# Problem details
When you reach the line below that has "41, March 2025发表。", start returning lines exactly, and stop after the line that has "Het perceel waarop"; skip the pictures.

# Supplied entries
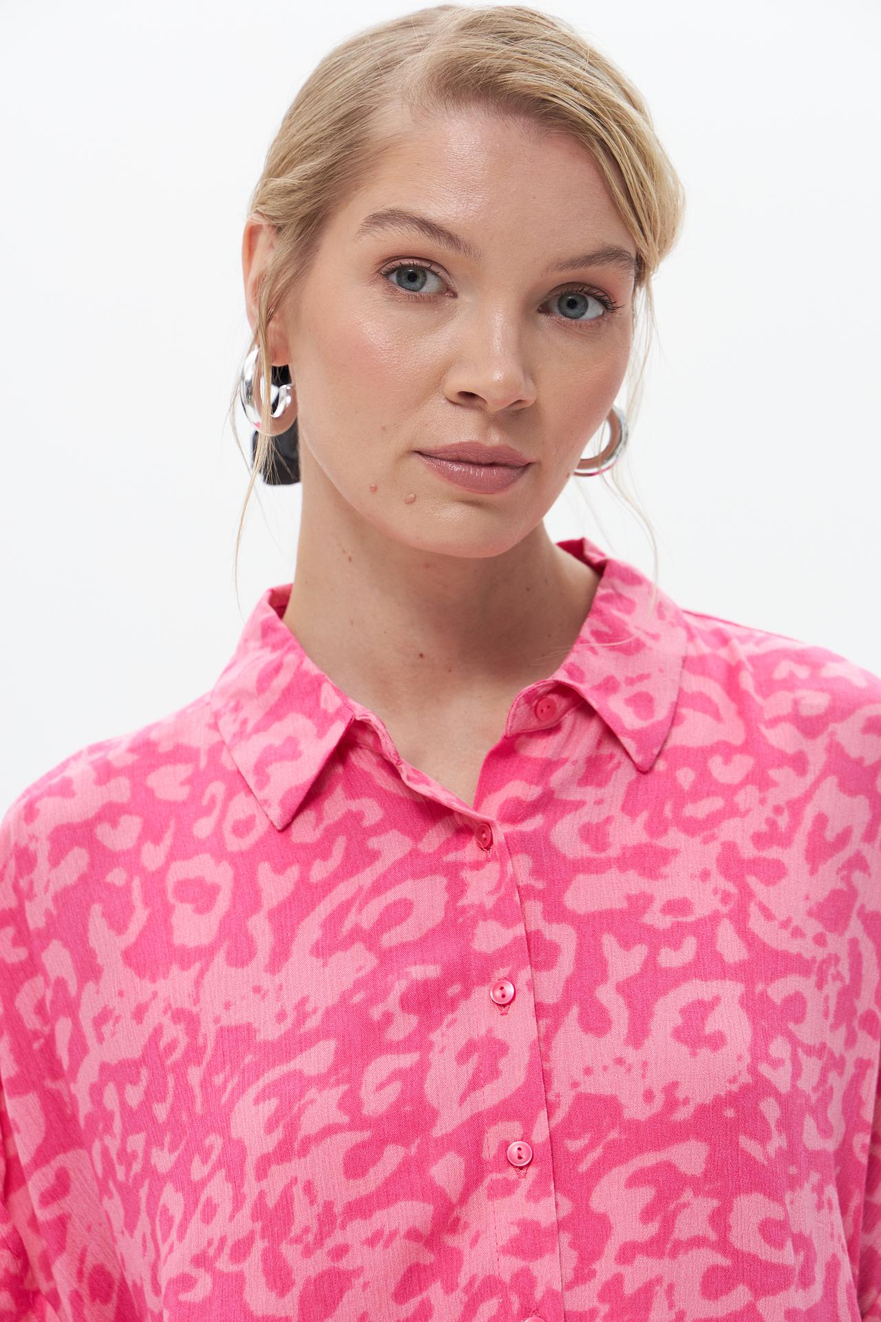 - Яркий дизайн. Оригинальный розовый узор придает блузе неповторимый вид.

...

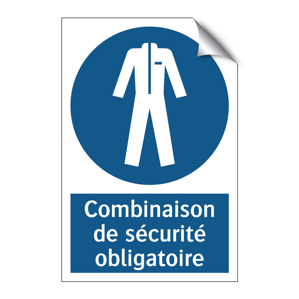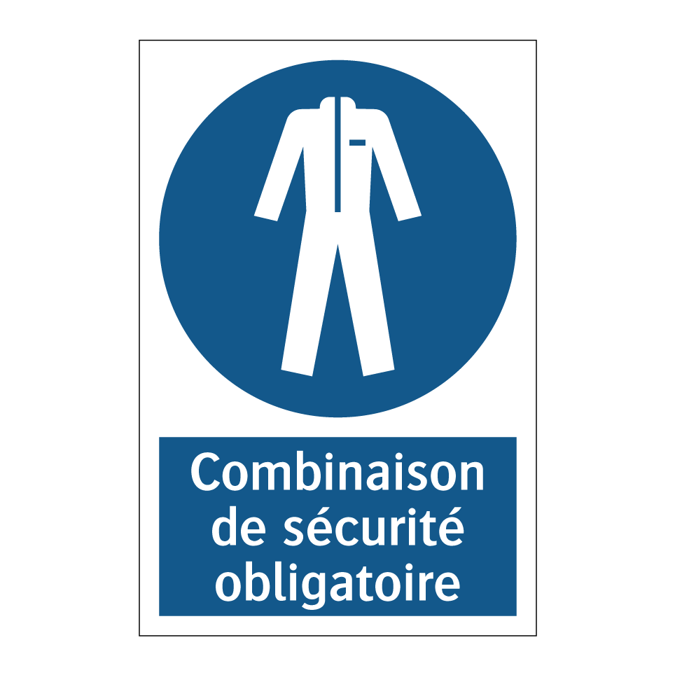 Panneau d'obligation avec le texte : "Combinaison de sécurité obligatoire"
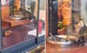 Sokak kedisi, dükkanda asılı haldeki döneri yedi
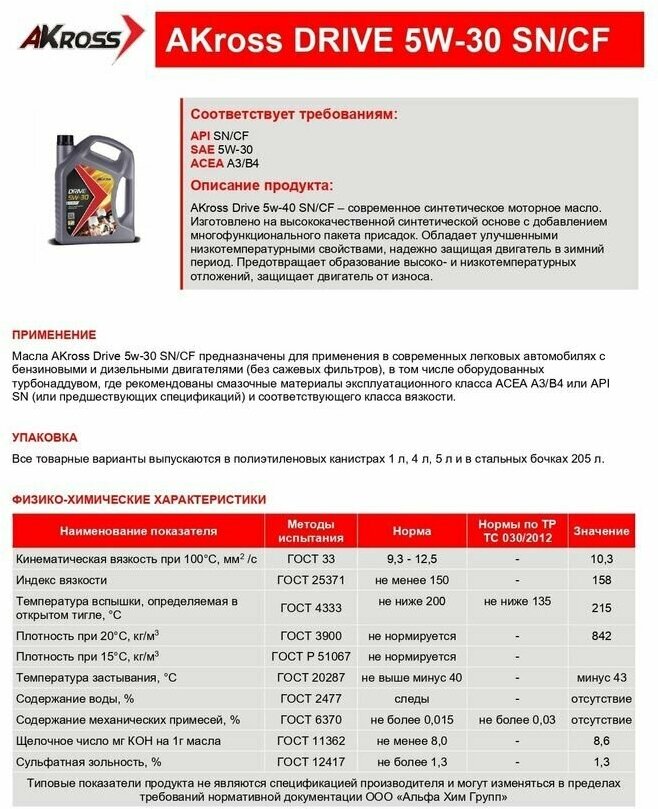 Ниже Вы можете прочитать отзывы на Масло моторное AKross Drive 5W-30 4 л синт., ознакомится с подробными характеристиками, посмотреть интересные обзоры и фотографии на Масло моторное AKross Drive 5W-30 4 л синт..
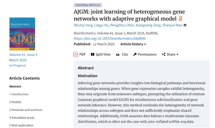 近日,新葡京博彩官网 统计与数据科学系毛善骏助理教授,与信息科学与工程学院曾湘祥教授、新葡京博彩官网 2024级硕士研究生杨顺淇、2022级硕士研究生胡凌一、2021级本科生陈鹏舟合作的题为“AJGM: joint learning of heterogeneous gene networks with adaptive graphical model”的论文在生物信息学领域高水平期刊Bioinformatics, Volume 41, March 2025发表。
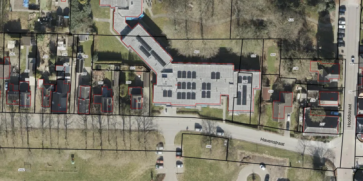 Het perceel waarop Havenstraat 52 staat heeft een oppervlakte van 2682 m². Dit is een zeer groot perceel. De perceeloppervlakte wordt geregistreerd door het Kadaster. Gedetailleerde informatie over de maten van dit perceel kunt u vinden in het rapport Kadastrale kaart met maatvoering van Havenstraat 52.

==

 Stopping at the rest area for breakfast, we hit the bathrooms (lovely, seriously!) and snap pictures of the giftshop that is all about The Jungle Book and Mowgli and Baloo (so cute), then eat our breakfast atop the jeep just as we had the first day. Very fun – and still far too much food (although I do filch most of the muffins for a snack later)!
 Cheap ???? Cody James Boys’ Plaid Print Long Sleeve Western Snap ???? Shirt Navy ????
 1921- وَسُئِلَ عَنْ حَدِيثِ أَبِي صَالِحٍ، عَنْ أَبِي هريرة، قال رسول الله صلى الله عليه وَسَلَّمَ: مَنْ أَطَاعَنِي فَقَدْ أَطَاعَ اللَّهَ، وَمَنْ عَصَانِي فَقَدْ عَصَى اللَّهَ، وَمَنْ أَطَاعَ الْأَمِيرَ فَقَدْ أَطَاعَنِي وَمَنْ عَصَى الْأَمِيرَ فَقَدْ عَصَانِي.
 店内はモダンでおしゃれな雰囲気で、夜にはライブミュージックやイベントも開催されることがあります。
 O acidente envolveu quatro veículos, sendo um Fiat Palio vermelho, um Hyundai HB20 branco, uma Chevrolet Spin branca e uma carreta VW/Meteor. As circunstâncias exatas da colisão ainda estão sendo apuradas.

# Task result
 近日,新葡京博彩官网 统计与数据科学系毛善骏助理教授,与信息科学与工程学院曾湘祥教授、新葡京博彩官网 2024级硕士研究生杨顺淇、2022级硕士研究生胡凌一、2021级本科生陈鹏舟合作的题为“AJGM: joint learning of heterogeneous gene networks with adaptive graphical model”的论文在生物信息学领域高水平期刊Bioinformatics, Volume 41, March 2025发表。
 Het perceel waarop Havenstraat 52 staat heeft een oppervlakte van 2682 m². Dit is een zeer groot perceel. De perceeloppervlakte wordt geregistreerd door het Kadaster. Gedetailleerde informatie over de maten van dit perceel kunt u vinden in het rapport Kadastrale kaart met maatvoering van Havenstraat 52.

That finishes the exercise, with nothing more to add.